There is a divergence in measuring the financial benefits of digital marketing. For example, one advisor will compare the economic value of one new client. For example, a $500,000 client at 1% produces $5,000 of revenue per year. If the advisor is paying $3,000 per month for digital marketing it would take approximately seven clients per year to cover the cost. Because this is recurring revenue the seven clients also cover the costs of all future years of digital marketing expenses or for as long as the firm retains the client.

But wait, the above calculation may be a little short-sighted. If there was no digital marketing there would be no clients. Therefore would it be more reasonable to calculate the economic value of a new client based on a firm’s average retention rate?

For example, if a firm’s average retention rate was seven years and the average revenue was $5,000 then one new client would offset the digital marketing expense for one year. And, this calculation does not allow for market appreciation, reinvested income, and new contributions from current clients.

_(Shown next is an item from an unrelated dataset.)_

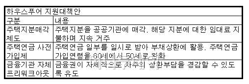 재정부 관계자는 "서민 주거 안정과 가계부채 부담 완화를 위해 하우스푸어 지원방안을 시행할 것"이라며 "구체적인 방안을 마련해 4월 중 발표하겠다"고 말했다.

One new client per year covers the cost of the digital marketing services. There are definitely two ways to look at ROI. Of course, the goal could be substantially more than that.


Building Brand Awareness

Digital marketing does not just produce leads for financial advisors. It is also a great way to increase brand awareness on the Internet. And, it is a lot less expensive compared to traditional advertising (TV, radio, print). The experts say it currently takes $250 million to build a brand from scratch in modern America.

Just imagine the benefits when investors use the Internet to find financial advisors in your community and your name is on page one of their search results. This type of visibility is priceless and it did not take millions of dollars to achieve. 


What About Market Research?

Sure a lot of investors use the Internet to find financial advisors. An even bigger number use the Internet to research advisors before they initiate any form of contact. In general, this means they will visit financial advisor websites and Google search their names. They are looking for positive information that would cause them to contact particular advisors or negative information that would cause them to avoid them.

This is more than online reputation management. It is meeting investor expectations when they use the Internet to learn more about advisors in general and particular advisors.

Consider this scenario. An investor is thinking about replacing a current financial advisor, but is not sure who to contact. They are going to be cautious in their selection process because they have already had a bad experience - the advisor they are terminating. A friend at their country club, someone they respect, is talking about his financial advisor. This investor makes a note of the advisor’s name.

The investor already has a name, so there is no lead generation. But, the investor definitely wants to learn more before initiating contact. This is the prudent next step that reduces the risk of making a mistake. The next steps are visiting the advisor’s website and Google searching the advisor’s name. This research could include the professional and the professional’s firm.

A lot of interesting information could be produced by the research. For example, the professional seems to have the credentials of a financial expert, but the professional’s firm is owned by a bank or an insurance company.

It stands to reason no prudent investor will select a financial advisor without conducting some amount of online research. It is fast, convenient and they can maintain their anonymity while they conduct their research.